> [EXERCISE INSTRUCTIONS]: From the records below, output exactly the lines running from the line containing "山西大同國藥同煤總醫(yī)" through the line containing "рег. №: ЛСР-008568/10 |", and no others.

> [MATERIALS PROVIDED]:
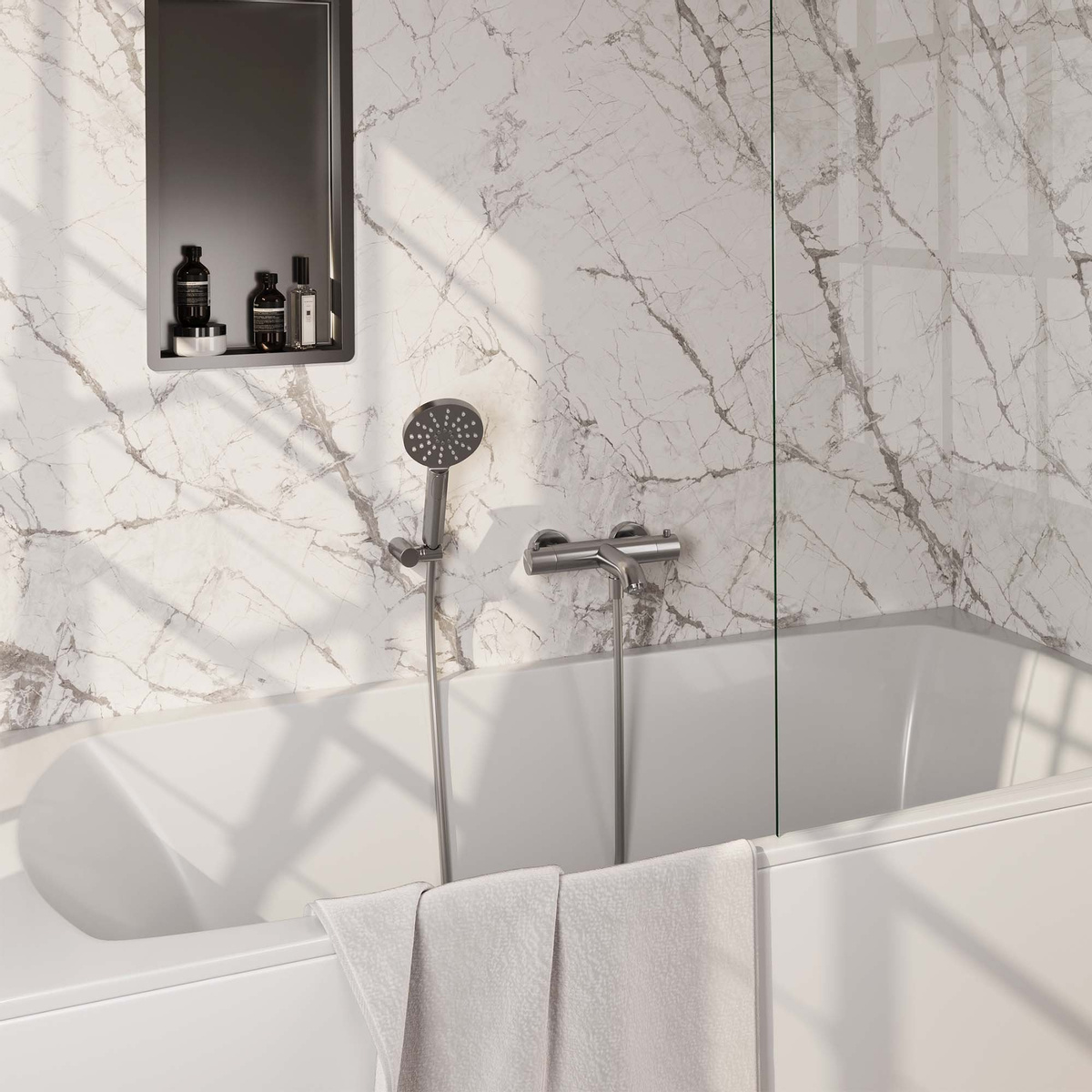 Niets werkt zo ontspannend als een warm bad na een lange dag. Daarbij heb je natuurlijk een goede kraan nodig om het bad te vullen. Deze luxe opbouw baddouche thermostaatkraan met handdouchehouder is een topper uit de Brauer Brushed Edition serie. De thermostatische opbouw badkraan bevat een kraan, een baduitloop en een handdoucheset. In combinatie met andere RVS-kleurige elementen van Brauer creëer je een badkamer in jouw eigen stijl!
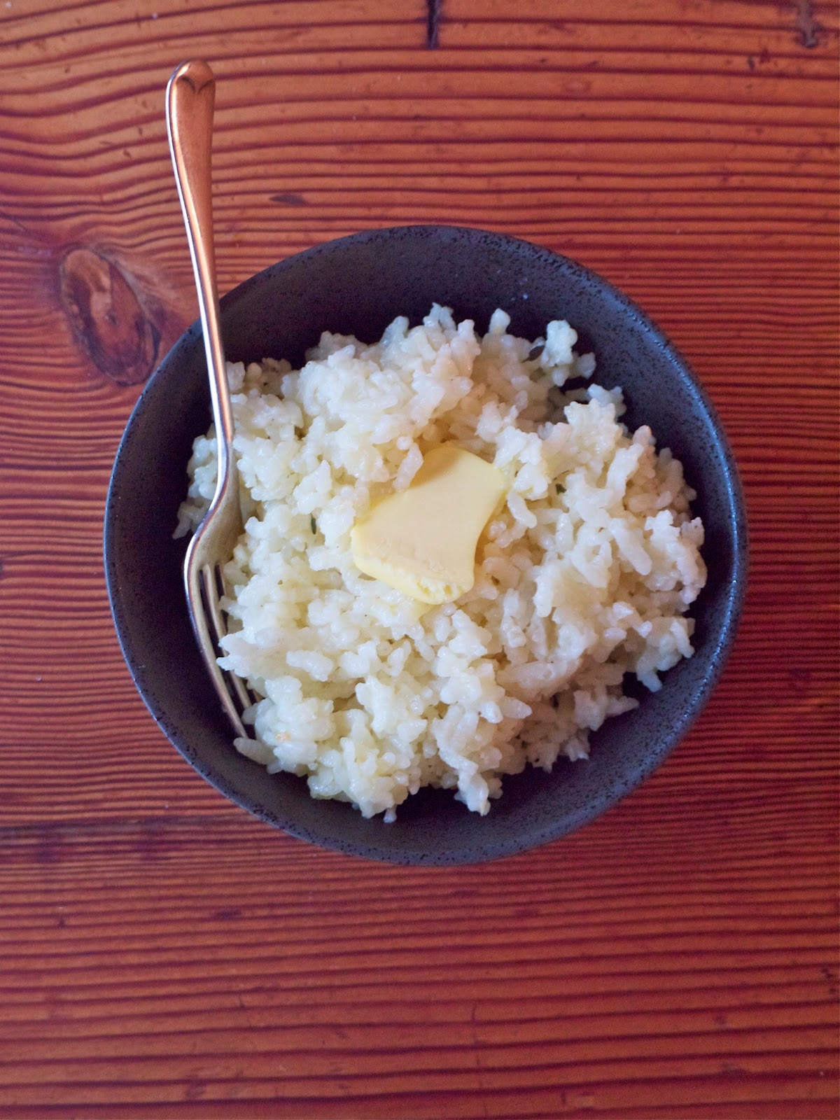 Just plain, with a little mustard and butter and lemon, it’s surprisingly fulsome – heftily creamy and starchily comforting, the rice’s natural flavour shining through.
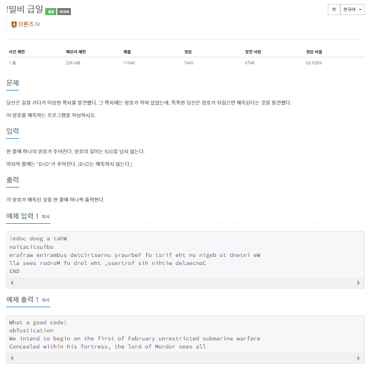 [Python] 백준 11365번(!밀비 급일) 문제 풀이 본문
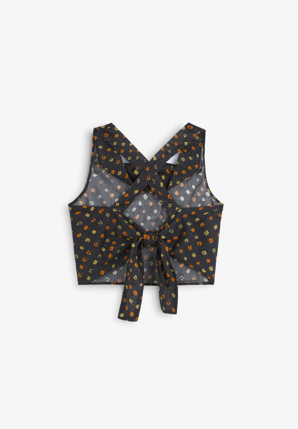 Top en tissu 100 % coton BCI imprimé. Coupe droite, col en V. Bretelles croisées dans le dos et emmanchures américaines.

* * *

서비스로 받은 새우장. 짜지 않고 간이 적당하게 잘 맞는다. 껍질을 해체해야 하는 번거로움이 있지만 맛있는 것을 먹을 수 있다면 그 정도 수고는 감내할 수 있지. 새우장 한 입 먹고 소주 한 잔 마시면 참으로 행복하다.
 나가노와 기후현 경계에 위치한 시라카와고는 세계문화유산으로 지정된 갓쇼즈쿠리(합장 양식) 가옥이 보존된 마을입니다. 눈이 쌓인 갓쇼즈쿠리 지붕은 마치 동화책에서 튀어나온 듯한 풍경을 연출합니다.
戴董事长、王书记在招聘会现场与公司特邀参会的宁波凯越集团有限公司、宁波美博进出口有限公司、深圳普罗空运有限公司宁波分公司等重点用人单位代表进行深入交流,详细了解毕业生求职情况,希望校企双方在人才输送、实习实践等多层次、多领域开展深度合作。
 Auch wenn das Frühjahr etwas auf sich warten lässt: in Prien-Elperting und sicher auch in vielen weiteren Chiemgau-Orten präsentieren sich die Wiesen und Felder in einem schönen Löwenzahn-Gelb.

---

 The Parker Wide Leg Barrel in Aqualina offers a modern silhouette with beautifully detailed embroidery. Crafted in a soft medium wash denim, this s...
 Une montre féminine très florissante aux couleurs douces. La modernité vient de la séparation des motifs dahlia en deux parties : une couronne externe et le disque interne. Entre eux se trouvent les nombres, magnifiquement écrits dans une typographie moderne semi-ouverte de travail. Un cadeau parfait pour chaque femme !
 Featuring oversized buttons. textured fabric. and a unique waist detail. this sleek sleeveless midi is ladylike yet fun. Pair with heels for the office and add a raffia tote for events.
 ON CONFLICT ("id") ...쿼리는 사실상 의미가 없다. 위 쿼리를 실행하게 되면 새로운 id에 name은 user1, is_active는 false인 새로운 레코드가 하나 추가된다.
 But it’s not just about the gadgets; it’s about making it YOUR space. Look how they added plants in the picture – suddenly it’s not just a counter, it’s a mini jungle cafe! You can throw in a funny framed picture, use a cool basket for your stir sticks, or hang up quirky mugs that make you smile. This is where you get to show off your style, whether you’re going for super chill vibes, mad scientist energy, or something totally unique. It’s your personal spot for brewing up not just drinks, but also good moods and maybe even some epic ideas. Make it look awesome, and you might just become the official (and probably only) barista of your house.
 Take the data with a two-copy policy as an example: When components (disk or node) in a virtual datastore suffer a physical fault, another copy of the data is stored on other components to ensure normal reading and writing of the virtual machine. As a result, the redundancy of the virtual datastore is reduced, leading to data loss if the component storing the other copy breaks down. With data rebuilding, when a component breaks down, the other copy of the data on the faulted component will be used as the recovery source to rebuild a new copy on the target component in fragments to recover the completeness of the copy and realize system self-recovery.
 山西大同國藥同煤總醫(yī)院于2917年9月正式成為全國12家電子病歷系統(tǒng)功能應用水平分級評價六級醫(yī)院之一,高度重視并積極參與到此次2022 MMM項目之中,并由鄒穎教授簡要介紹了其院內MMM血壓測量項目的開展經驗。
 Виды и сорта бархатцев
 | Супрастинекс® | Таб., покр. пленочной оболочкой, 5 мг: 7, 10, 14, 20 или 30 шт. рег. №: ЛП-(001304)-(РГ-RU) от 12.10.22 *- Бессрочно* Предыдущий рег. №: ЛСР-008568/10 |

> [EXERCISE ANSWER]:
 山西大同國藥同煤總醫(yī)院于2917年9月正式成為全國12家電子病歷系統(tǒng)功能應用水平分級評價六級醫(yī)院之一,高度重視并積極參與到此次2022 MMM項目之中,并由鄒穎教授簡要介紹了其院內MMM血壓測量項目的開展經驗。
 Виды и сорта бархатцев
 | Супрастинекс® | Таб., покр. пленочной оболочкой, 5 мг: 7, 10, 14, 20 или 30 шт. рег. №: ЛП-(001304)-(РГ-RU) от 12.10.22 *- Бессрочно* Предыдущий рег. №: ЛСР-008568/10 |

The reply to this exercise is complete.